Ей доводилось слышать истории, как воины, попавшие в плен, умудрялись сбежать из таких оков, попросту вывернув себе большой палец.
Всего то и надо — ухватиться покрепче и дернуть так, чтобы сустав выехал. Тогда можно будет протащить ладонь сквозь узкое кольцо и освободиться.
Упрямо поджав губы Мел снова потянулась к своей правой. Боль несмертельна — выдержит. Она ухватилась поплотнее за большой палец, зажмурилась, и…
— На твоем месте я бы не стал этого делать. — спокойный голос прозвучал, как гром среди ясного неба.
Притихшая Мелена медленно разжала кулак и опустила руку. Из темного угла, неотрывно глядя на нее, вышел зверь.
— Очнулась, — он не спрашивал, утверждал.
Подошел ближе и по-хозяйски положил ладонь на шею. Мел напряглась, думая, что задушит, но он лишь проверил, как бьется сердце и отступил.
— Сколько я была в отключке? — общаться с врагом не хотелось, но ей нужно было знать сколько времени потеряно в пустую.
— Почти две недели.
Эти слова словно ледяные глыбы упали между ними.
Мелена даже подумала, что кхассер пошутил, но в янтаре не было ни намека на веселье, только холодное спокойствие и уверенность. Вряд ли у андракийца вообще было чувство юмора.
Тяжело втянув воздух, Мелена отвернулась.
Почти две недели. За это время столько можно было сделать…например, полностью сломить сопротивление Асоллы.
Она снова перевела взгляд на окно, сквозь которое было видно кусок блеклого зимнего неба. В прошлый раз, когда она была на улице, его застилали клубы черного дыма.
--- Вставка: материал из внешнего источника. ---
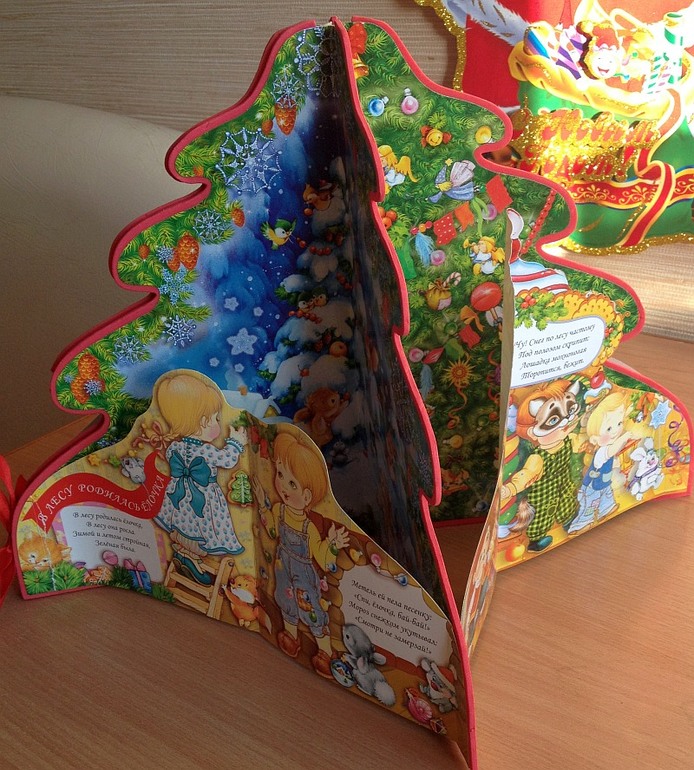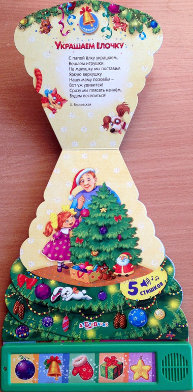 Книга для родителей, которым лень читать. Сделана в форме елочки, каждый уровень - страничка со стихотворением. Внизу кнопки, нажимая на которые вы можете эти стихи услышать. Они нам с Ваней нравятся очень. Особенно последний, про мишку, мы слушаем часто.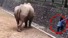 บ้าบิ่นเกินไป!! หญิงเม็กซิโกปีนลงไปในกรงแรดตัวยักษ์ เพื่อเก็บโทรศัพท์ที่ทำร่วง โชคดีหนีรอดมาได้ (มีคลิป)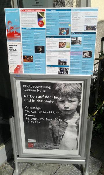 Vernissage am 26.8.2016 im Tenri, Deutsch-Japanische Kulturwerkstatt. Die Ausstellung dauert 3 Wochen und findet im Rahmen der Photokina, Köln statt. Auftakt der Wanderausstellung "Narben auf der
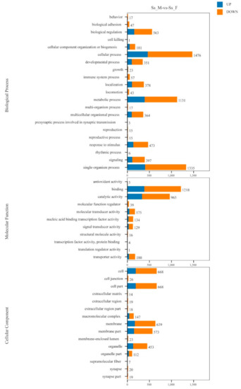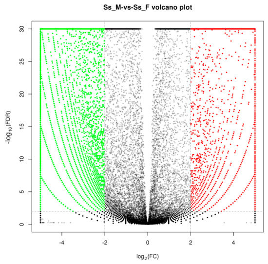 In this study, 35,367 unigenes were found to be DEGs between the male and female (FDR ≤ 0.01 and log2FC ≥ 2) (Figure 4). A total of 13,324 (37.67%) DEGs were annotated, with 9,815 up- and 3,509 down-regulated genes in the male. Many male-biased unigenes and female-biased unigenes were identified in S. sihama, as in gonadal transcriptome analyses of other species [23,27], indicating that reciprocal antagonism between male-promoting and female-promoting pathways is a central feature underlying sexual development and maintenance in vertebrates.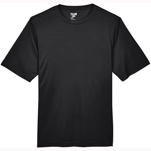 100% Polyester interlock with moisture-wicking and UV protection performance. Features an Athletic fit, heat-sealed label, and cationic dyes to ensure brightness and excellent fastness.
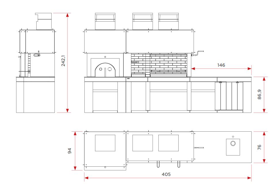 - Medidas: ancho 405 x fondo 93,5 x alto 202 cm.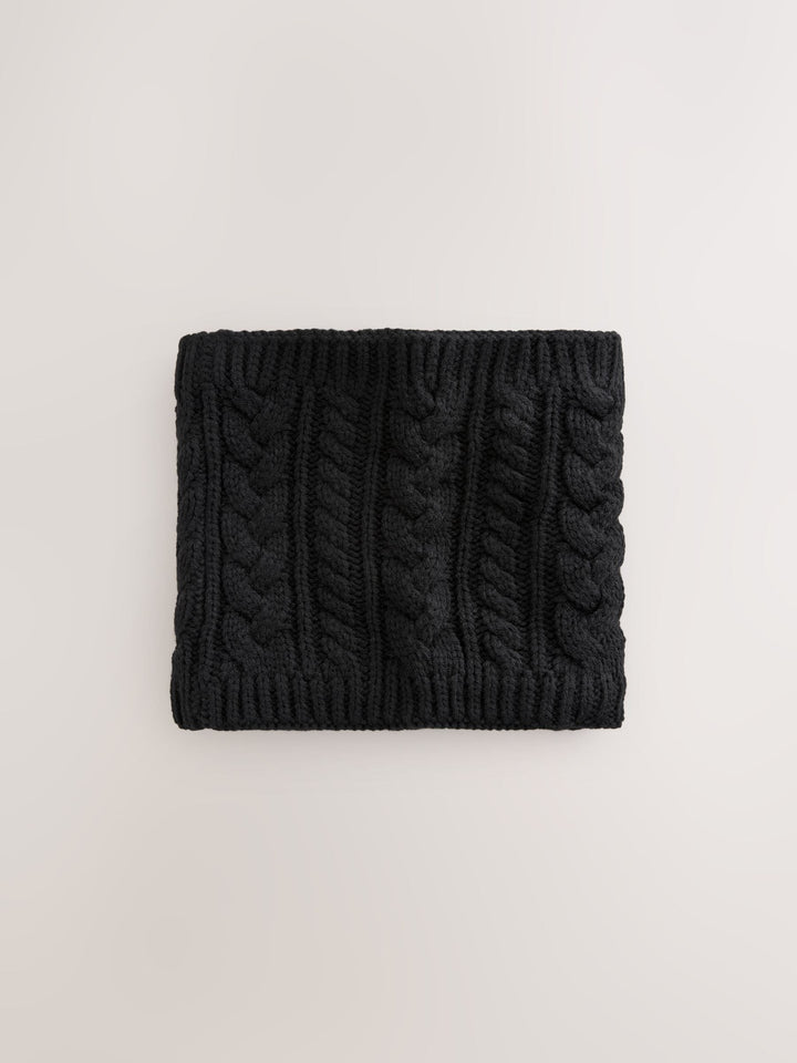 In a cable knit design, this cosy snood is the perfect accessory for him to style with his winter looks, finished with a soft fleece lining. Cable knit design Fleece lining Perfect for winter Main 100% Acrylic. Lining 100% Polyester. Country of Origin: China

Сейчас не было слышно ни звона оружия, ни шума борьбы. Подозрительная тишина и спокойствие.
— Это твоя комната?
— Моя.
— Зачем я здесь?
— Я должен был оставить тебя в камере?
— Ты должен был оставить меня подыхать, — равнодушно повела плечами, — я бы так и сделала.
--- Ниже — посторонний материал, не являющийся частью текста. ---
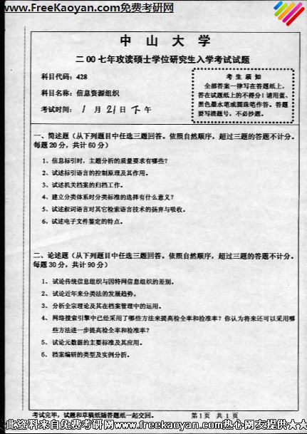中山大学2007年半岛在线注册真题-信息资源组织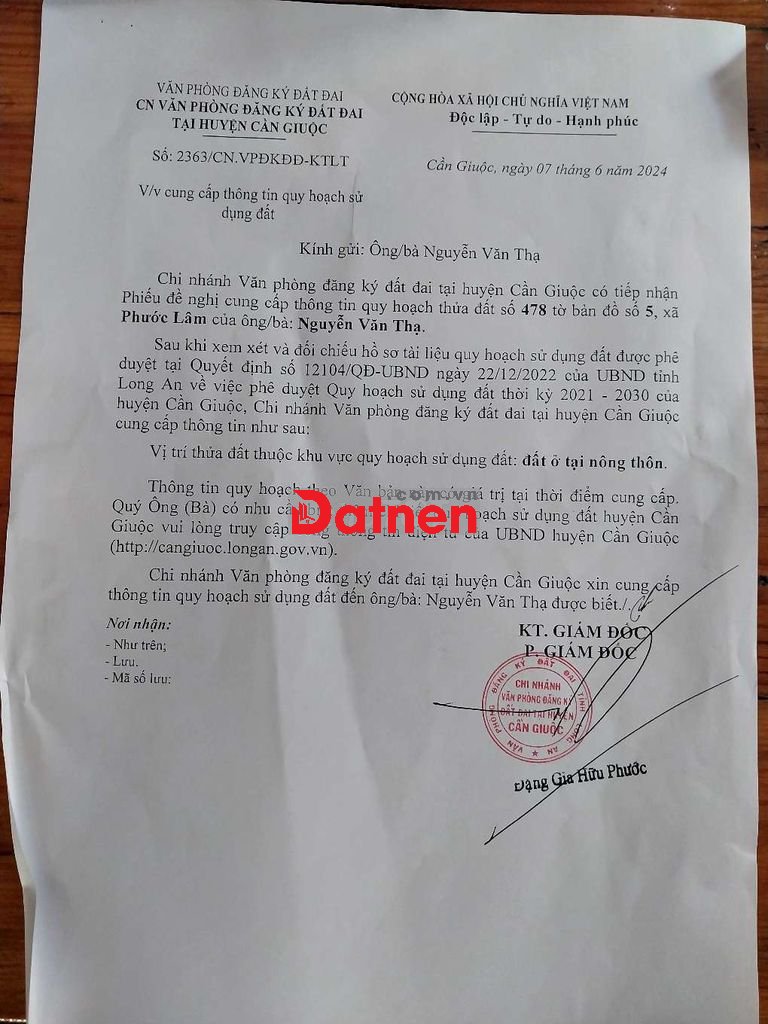 - Vị trí thửa Đất được quy hoạch: Đất ở tại nông thôn

— Это было бы слишком просто, — криво усмехнулся Маэс, — а у меня на тебя большие планы.
— Какие? — без единой эмоции посмотрела на него.
Теперь, когда он перестал изображать из себя нищего бродягу и переоделся из поношенной рванины в добротные вещи, его внешний вид угнетал еще больше. Холеный кот, готовый в любой момент выпустить острые когти.